But Mr. Mitsotakis, in a televised debate this month, conceded that Mr. Androulakis should not have been wiretapped. The spying was an especially bad idea, it turns out, because Mr. Androulakis’s support may prove pivotal to the election’s ultimate outcome.
Yet the scandal is way down on voters’ list of priorities, as is Mr. Mitsotakis’ treatment of migrants.
John Vrakas, 66, who was handing out fliers for Mr. Tsipras across from the square where Mr. Mitsotakis was due to speak, shrugged that Europe didn’t seem particularly bothered as long as the prime minister assuaged their concerns on the economy and Ukraine. “It’s a kind of trade,” he said.
It is one that Greek voters seem happy to make.
As Mr.

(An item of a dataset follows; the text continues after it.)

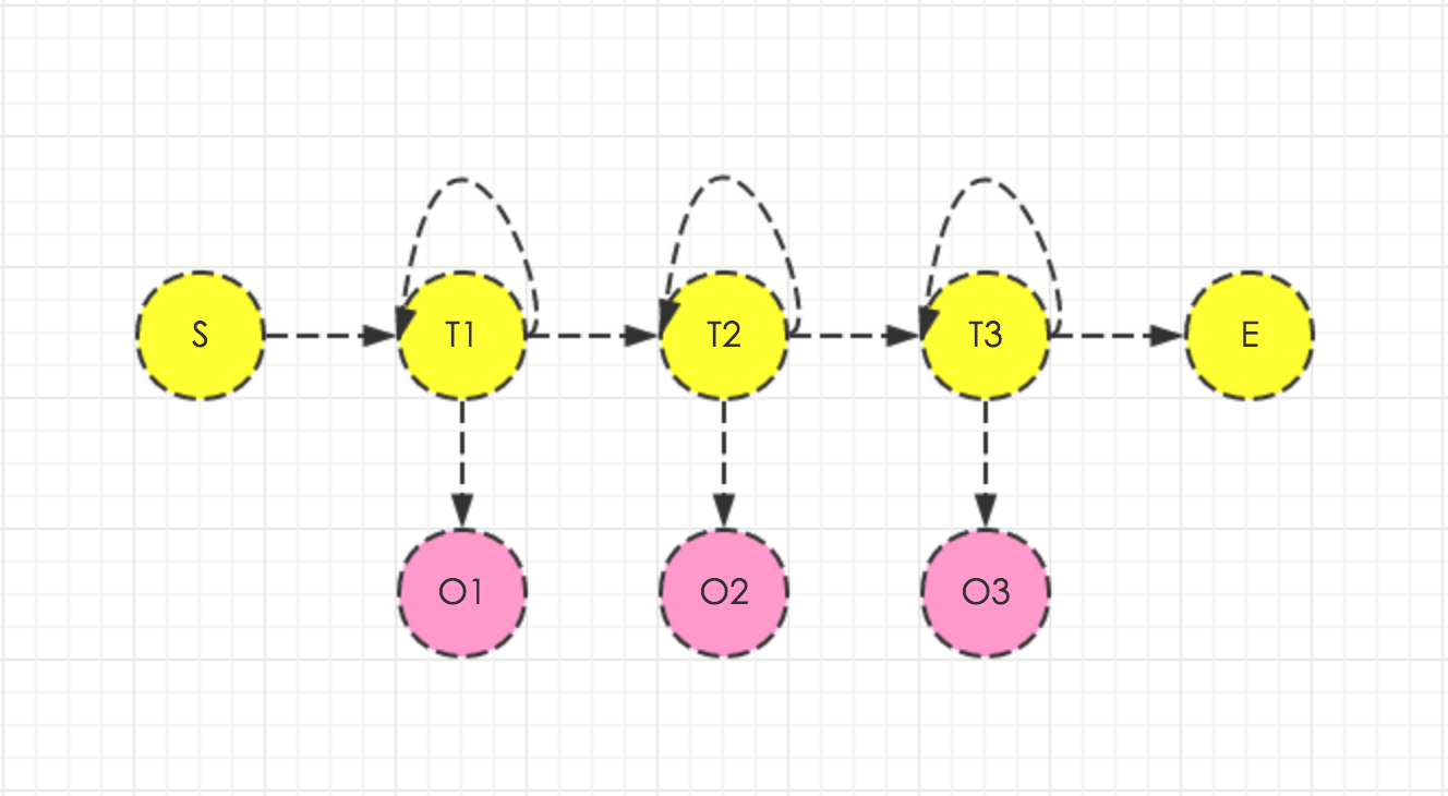 对于给定triphone对应的隐马模型\(λ=(A,B,π)\)以及帧序列为\(O=(o_1,o_2,o_3,…,o_T)\),要推算最有可能的内部状态序列帧序列\(S=(s_1,s_2,s_3,…,s_T)\)。

Mitsotakis walked the streets, a bus driver reached out the window and clasped his hand. “Supporters until the end,” chanted a group of men in front of a cafe. “We trust you,” a woman shouted from her jewelry shop.
What “resonates in Europe,” Mr. Mitsotakis said, was that his was an “anti-populist government” that had brought much-appreciated stability back to Greece in a rough region.
He got up from the interview in a small and otherwise empty restaurant, and shook more hands on the way to the square, where he launched into a short stump speech interrupted by chiming church bells.
“I’m not sure who they are tolling for,” Mr. Mitsotakis exclaimed, “but not for us.”